What to do - Using only the entries below, output the lines starting at the one containing "所有游客還可免費(fèi)獲" and ending at the one containing "オペラ「ヘンゼルとグレーテル」の合唱団の舞台装飾などを制作するメンバー", exactly and inclusive of both, omitting the pictures.

(Collection entries)
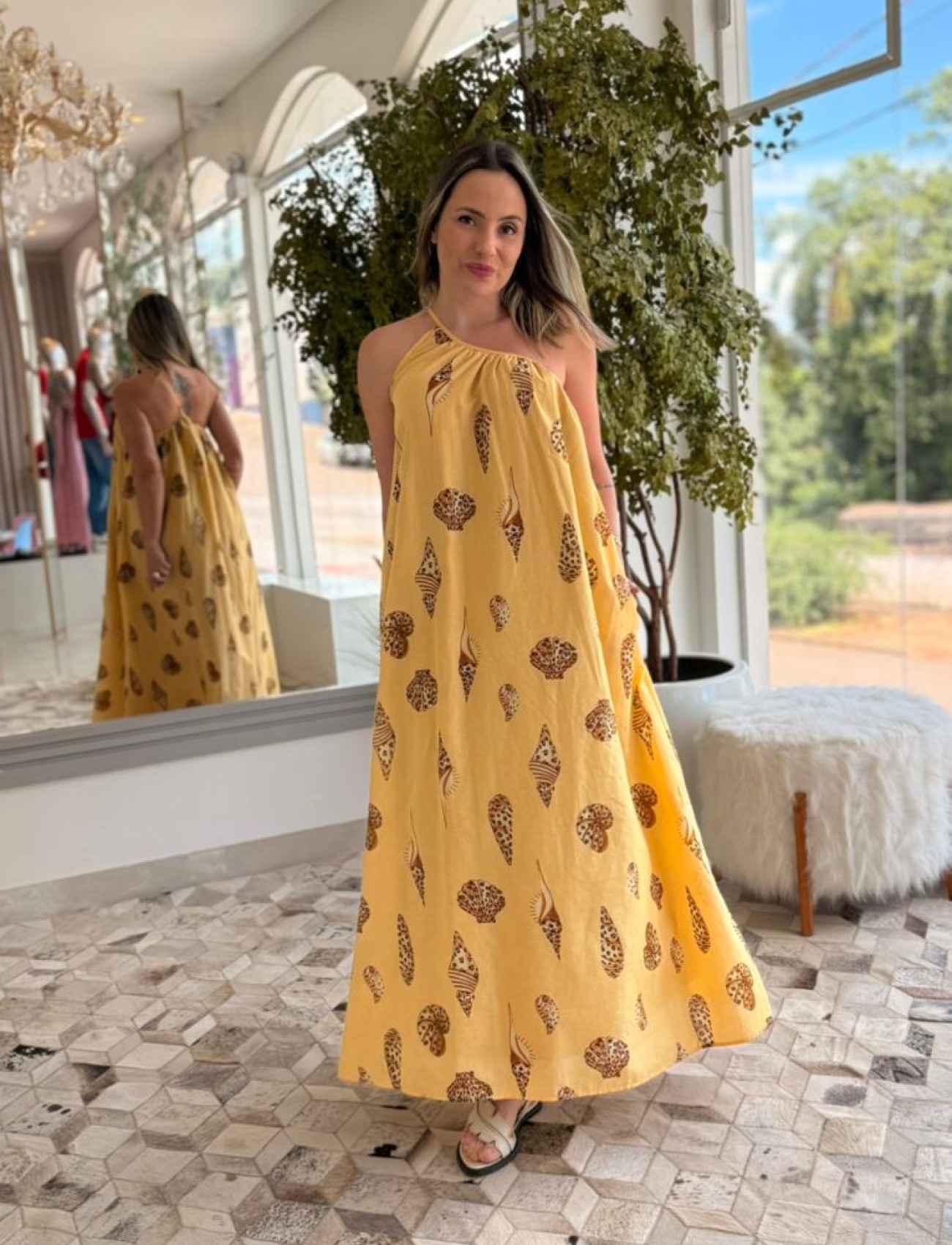 Com modelagem longa e fluida, ele proporciona caimento leve e elegante, ideal para acompanhar os movimentos com charme. Perfeito para dias de verão, viagens ou eventos ao ar livre com um toque de poesia e frescor.
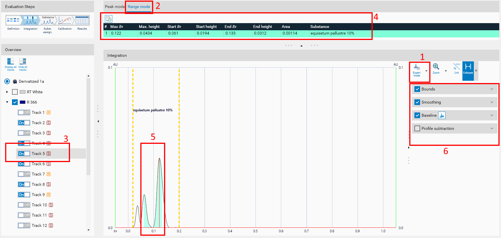 Provided that substances in Range assignment mode are not assigned to peaks, their display has been separated from the usual default display which is focused on peaks. Initially, ranges are not displayed at all. To display them, switch to the Expert mode (1) if this was not already done. Then, notice that when there are substances in Range assignment mode, the top panel has a second tab available named Range mode (2). Which clicking on it, the display is adapted, notably to remove the Peaks box on the right side tools (6) which makes no sense in this mode. To display ranges, click on a track (3). The ranges table is displayed (4) (with a button to export in CSV format) and the viewer displays ranges in a dedicated color (5):
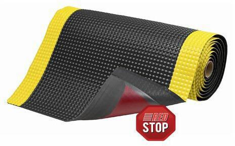 Sky Trax® nagy teherbírású ipari fáradásgátló szőnyeg, fekete színű, sárga szegéllyel. ellenálló laminált felület ergonomikus buborékmintával a fokozott kényelem érdekében állás közben. Csúszásmentesség és szabad mozgás: R9 tesztelve a DIN51130 és BGR181 szerint. RedStop csúszásgátló bevonat a szőnyeg biztonságos rögzítése érdekében.
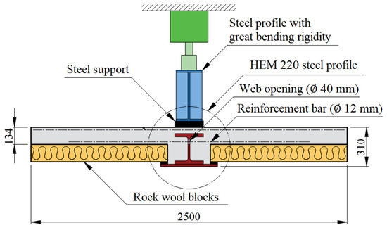 Braun et al. [6] experimentally analyzed the structural behavior of four prototypes called B1, B2, S1, and S2. All prototypes were manufactured using HEM 220 profiles, to which a 20 mm thick steel plate was welded (Figure 1). This profile was integrated into a composite slab concreted in situ, formed by steel decks and rock wool blocks.
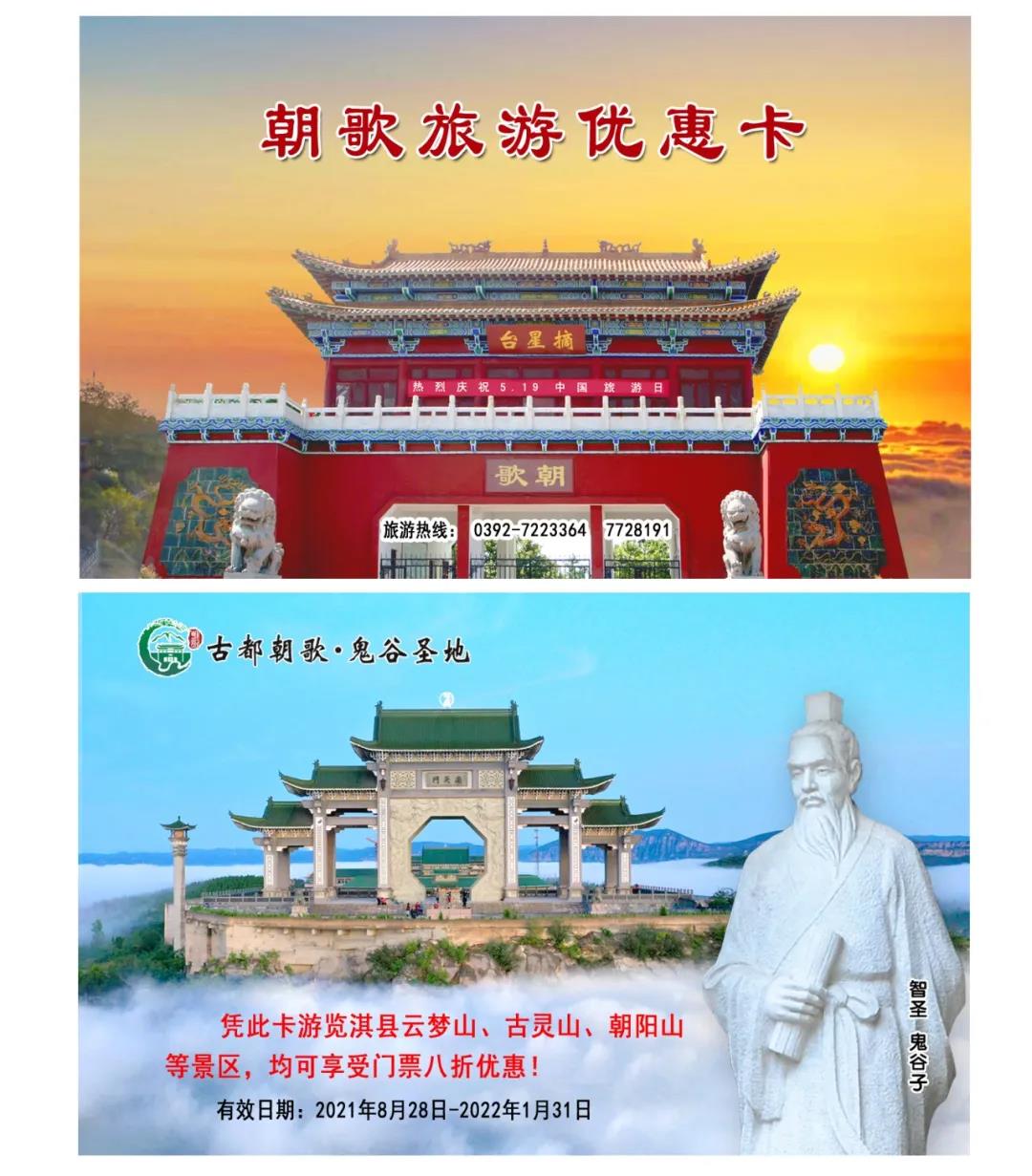 所有游客還可免費(fèi)獲贈(zèng)一張“朝歌旅游優(yōu)惠卡”,憑卡下次游覽淇縣云夢(mèng)山、古靈山、朝陽(yáng)山等景區(qū),均可享受門票八折優(yōu)惠。
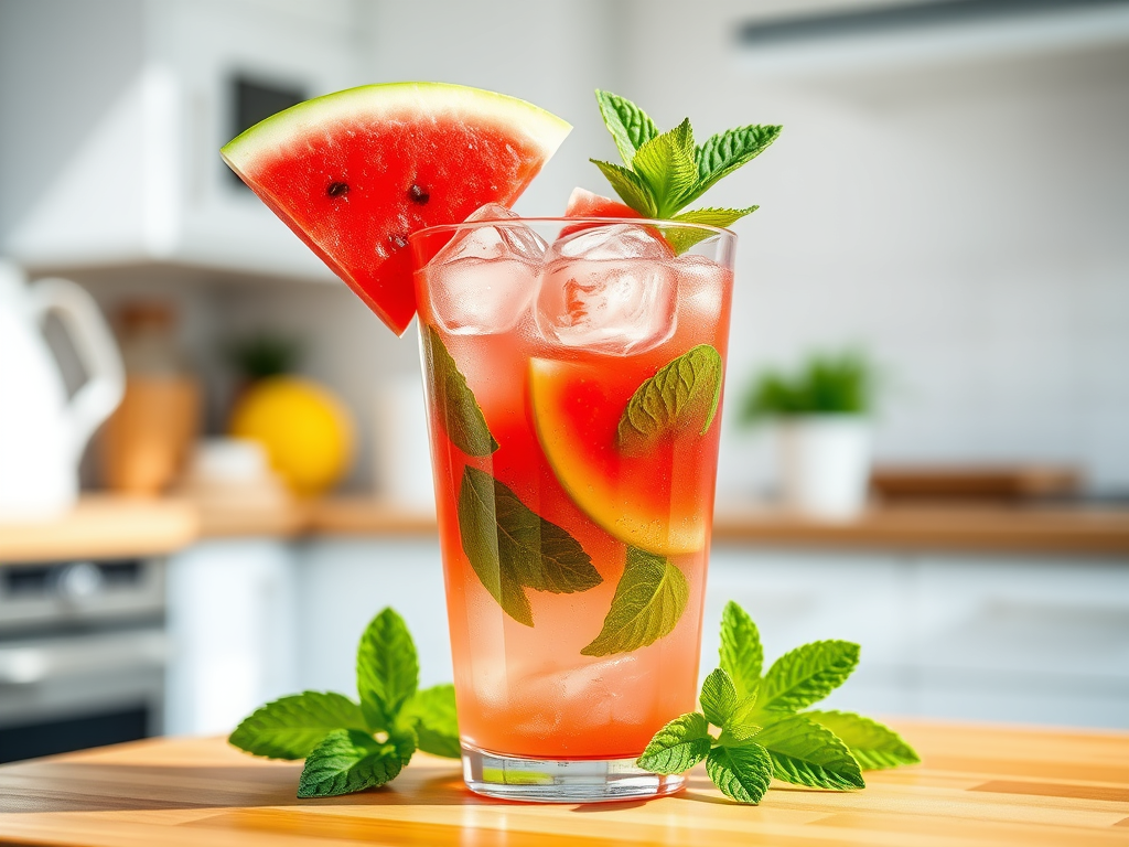 Add all ingredients to a pitcher. Lightly muddle the mint and watermelon to release flavor. Add water, stir, and let it chill for 30 minutes. Sip throughout the day.
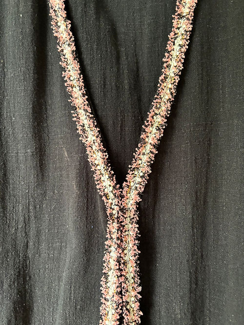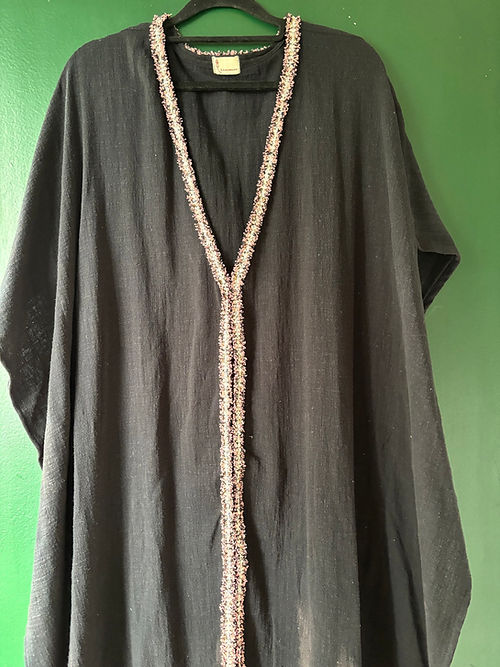 Kaftan longo em algodão preto com fendas laterais e passamanaria de detalhe
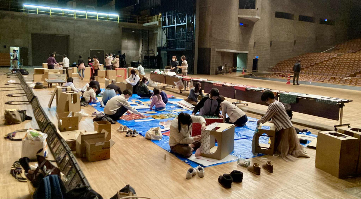 オペラ「ヘンゼルとグレーテル」の合唱団の舞台装飾などを制作するメンバー
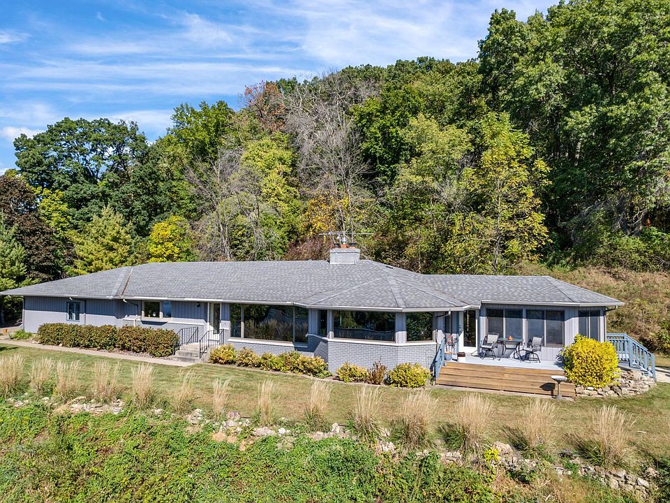 Nestled in the Bluffs above the confluence of the Mississippi and Black Rivers, this home offers so much. Panoramic views of the rivers, with a modern touch throughout. Entertain in the open main floor areas that include a sun-room. Relax enjoying the outdoor decks with all of the observing of the river's nature. Catch views of the eagles as your neighbors.

Your solution -
 所有游客還可免費(fèi)獲贈(zèng)一張“朝歌旅游優(yōu)惠卡”,憑卡下次游覽淇縣云夢(mèng)山、古靈山、朝陽(yáng)山等景區(qū),均可享受門票八折優(yōu)惠。
 Add all ingredients to a pitcher. Lightly muddle the mint and watermelon to release flavor. Add water, stir, and let it chill for 30 minutes. Sip throughout the day.
 Kaftan longo em algodão preto com fendas laterais e passamanaria de detalhe
 オペラ「ヘンゼルとグレーテル」の合唱団の舞台装飾などを制作するメンバー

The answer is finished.